А за Кощеем и за Велесом могучимы –
Прощаемся с кикиморой – Мареной, белою зимою,
За ней-то Новый год с весною наступает.
Так прославляем мы отцов и матерей извечныих,
Они сопряталися во былинныих преданиях
От византийских полчищ с Дáсуни пришедшиих.
Они во сказках одевалися в одежды богатырские,
А мы хранили их в сердцах, храним в обрядах русскиих.
Он молодец да Игорь свет Всеславьевич не мешкался,
Он целовал-то девушку во губы алые,
И предлагал он Лелюшке Сварожичне
Ведь дружбу крепкую, ведь дружбу полюбовную.
А й соглашалася она да Лелюшка-прелестница,
А и потом ходили вечерочками они гуляти
Под дивным месяцем во тополином парке-садике,
Вздыхати, целоватися и миловатися.
В один из вечеров он Игорь свет Всеславьевич
Поосторожненько да воспрошает ненавязчиво:
- Сударыня нунь Лелюшка-разлапушка!
А мы-то ходим, мы гуляем в парке-садике,
Вздыхаем и целуемся, и любоваемся –
А всё грустиночка не сходит со твоих очей,
А неземное всё томленье кроется в груди твоей…
Ой ты скажи-поведай мне печаль-кручинушку!
А ль я не мил тебе, красавица? А ль не пригож?
Как отвечает-раскрывает Леля дочь Сварожична печалюшку:
- Да ай же разудалый Игорь свет Всеславьевич!
А ты и мил мне, и пригож, любимый сокол ясный!
То грусть моя по святорусской по судьбинушке несчастной, По сказочным родителям – отцу Сварогу, Ладе-матушке.
А нынче-то ни радости, ни просьб они не слышати,
А ни подарочков, ни угощений боги русские не ведати.
Да знает-чует же сердечко – закатилось горюшко
Во тот ли Ирий, в то местечушко отчизное.
Вдруг вспомнил Игорь свет Всеславьевич второй-ка сон, Он туточки рассказывает Лелюшке да ясновидице:
7
Как второй-то раз летел млад Финист Ясный Сокол
Сквозь лихую непогодушку злосчастную
Надо синим морем-Окияном беспокойныим
А ко тым высокиим кряжам Рипейскиим
Через тую огненну небесну Ра-реку
Ко тому ли черн-хлад камушку Алатырю.
Подлетал он, Финист, светлой молнией
И садился он меж ручейков зловонныих,
А й глядел вокруг себя на таково-то зрелище:
Во былом саду на выжженых лугах,
А й во тых ли буреломах непроходныих,
А й во тых ли буераках непролазных
Как случился страшный, беспощадный бой.
Бьется птица вещая свят Матерь Сва
Со Змеиным Чудищем, Звериныим.
Оно Чудище крутое, всё о трех главах,
Каждая глава сама себе рычит-пыхтит
А и хáйлища раззёвыват глубинные,
Выпускат из тых бездонных пропастей:
Как срединная-то голова – столб пламени,
Как втора-то голова – удушлив дым,
Как и третья-то плюёт слюною ядовитою.
А и всё-то Чудище противно-безобразное,
Когтями цепкими скребет оно землицу русскую,
Да текут по тем оврагам метастазы гнойные,
Оны ползут да окружают птицу вещею,
А и хотят во пóлон взяти Матерь Сва.
А уж она одним крылом-то отбивается.
Как ведь друго крыло да кровью обливается.

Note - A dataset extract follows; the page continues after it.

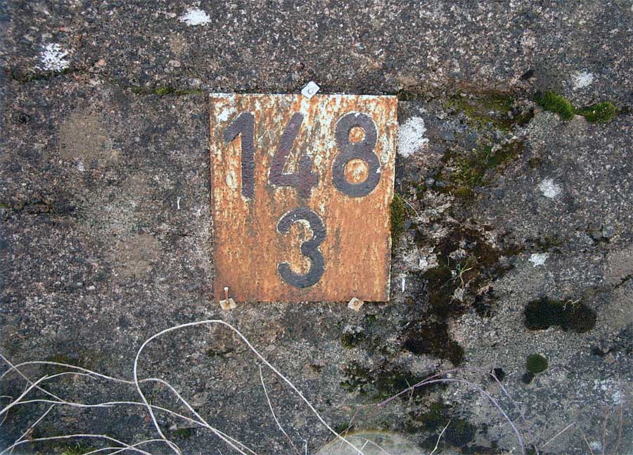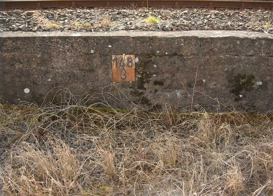 km 148,3 - Bf Woffleben - Metalltafel an einer Stützmauer

И говорит она по-человечьи слабым голосом:
- Уж ты ой еси, млад Финист Ясный Сокол!
А й повадилось к нам Чудище Звериное-Змеиное.
Оно русских-то богов сном мертвым усыпило,
Заколодовало василисков, грифонов.
Полонило сорока царей и со царевичем,
Сорока князей и со князевичем,
Сорока могучих витязей и мудрых же волхвов.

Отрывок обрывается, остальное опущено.